Отзвучали заздравные речи, отгремела музыка и звон чаш. Верные слуги растащили гостей по саням и опочивальням. Под приглядом княжеских доглядов проворные гридни растаскивали столы, допивали кубки да расставляли тяжелые скамьи вдоль стен. Залитая вином и брагой солома сгребалась вон. Подоткнув широкие подолы сенные девки окатывали из шаек пол, терли грубыми голиками дубовые доски. Под подолами мелькали крепкие белые ноги. – Хороша.. – дворовый холоп не утерпел, ущипнул за пухлый зад девку. Взвизг и хлесткий шлепок раздались одновременно. – Ты чо дура!? – не успевший увернуться парень прикрылся рукой смахивая грязную воду. Подбоченившись, девка уперла кулаки в крутые бока – А ты не лапай, не твоя!
– Так ему, Груша!
– Дай ещё! – подхватил бабий хор. – Чего у вас тута? – на шум подошел княжий стремянной. Глаза пьяно блестят, высокая суконная шапка надвинута на глаза, борода задорно торчит вперед. – А не лезь. Нашел время к бабам приставать, я те еще батогов ввалю. А ну выноси быстрее! – мазнул стремянной липким взглядом по пышной Груше.
В княжьей одрине сумрачно. – Лада, может не поедешь, может князь-батюшка другого пошлет? – Федор молча перебирал пушистые локоны жены. – Лебедушка моя, кто же вместо меня поедет? Я наследник дел, на меня смотрит дружина. Не может быть об этом речи. – Евпраксия глубоко вздохнула. Тяжелые полушария налитых грудей мягко качнулись под белой сорочкой. В сиянии неугасимой лампады под божницей печально улыбнулись слезой большие глаза, задрожали чувственные губы. – Лада моя.. – могучий телом княжич приник к супруге. Княгиня ослепительно красива. За несколько лет совместной жизни молодой князь не смог насытится красотой жены. Посольство уходило утром. Последняя ночь проходила без сна.

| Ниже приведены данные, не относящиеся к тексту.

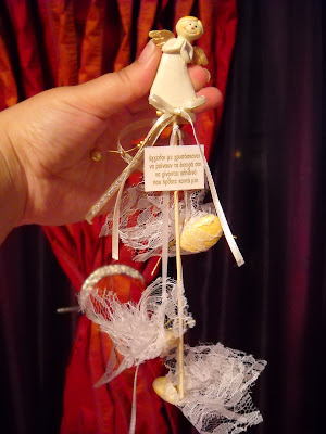 Η Άννα έφτιαξε τις μπομπονιέρες, τα μαρτυρικά, τη λαμπάδα, το μπουκάλι για το λάδι και τα κεράκια! Οι φωτογραφίες μιλούν από μόνες τους! Τα αγγελάκια είναι ένα πολύ όμορφο θέμα με πολλές πολλές επιλογές!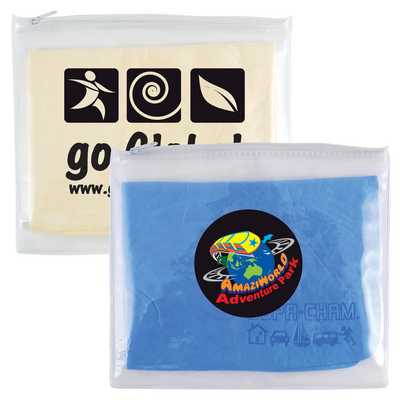 Synthetic pre wet chamois with rounded corners, cello bagged in clear PVC pouch. Chamois supplied with "Supa Cham" debossed logo as standard. Store Supa Cham in pouch when moist damp to ensure longevity and reusable application on cars, boats, vans and bodies. Collection: Home & Auto Category: Auto Accessories Colours Available: ClearBlue, ClearYellow Materials: Chamois: Synthetic, Pouch: PVC Item Size: Chamois: 425 x 315mm (LxH), Pouch: 245 x 210mm (LxH). Price includes : 1 Pos 4CP Standard Label. Setup is included.

Обоз строился у главных ворот. Светало. Заканчивался молебен и колыхавшаяся в стороне толпа хлынула к отъезжавшим. Богатые шубы, цветное сукно, плащи, пестрядь с простонародными кожухами смешались в неумолчимый гомон. Женский вой давил душу. Боярыня, княжна, жена дружинника или простого возчика, выли бабы одинаково. Князь хмурился все сильнее. Вскинул руку отдавая приказ. Протяжно и звонко пропели прощальные трубы. По призыву к походу отрываясь от жен дружинники, садились на рослых коней подбирая поводья. Княжеский меченосец Скобель привстал на стременах раздувая горло – Хэй..!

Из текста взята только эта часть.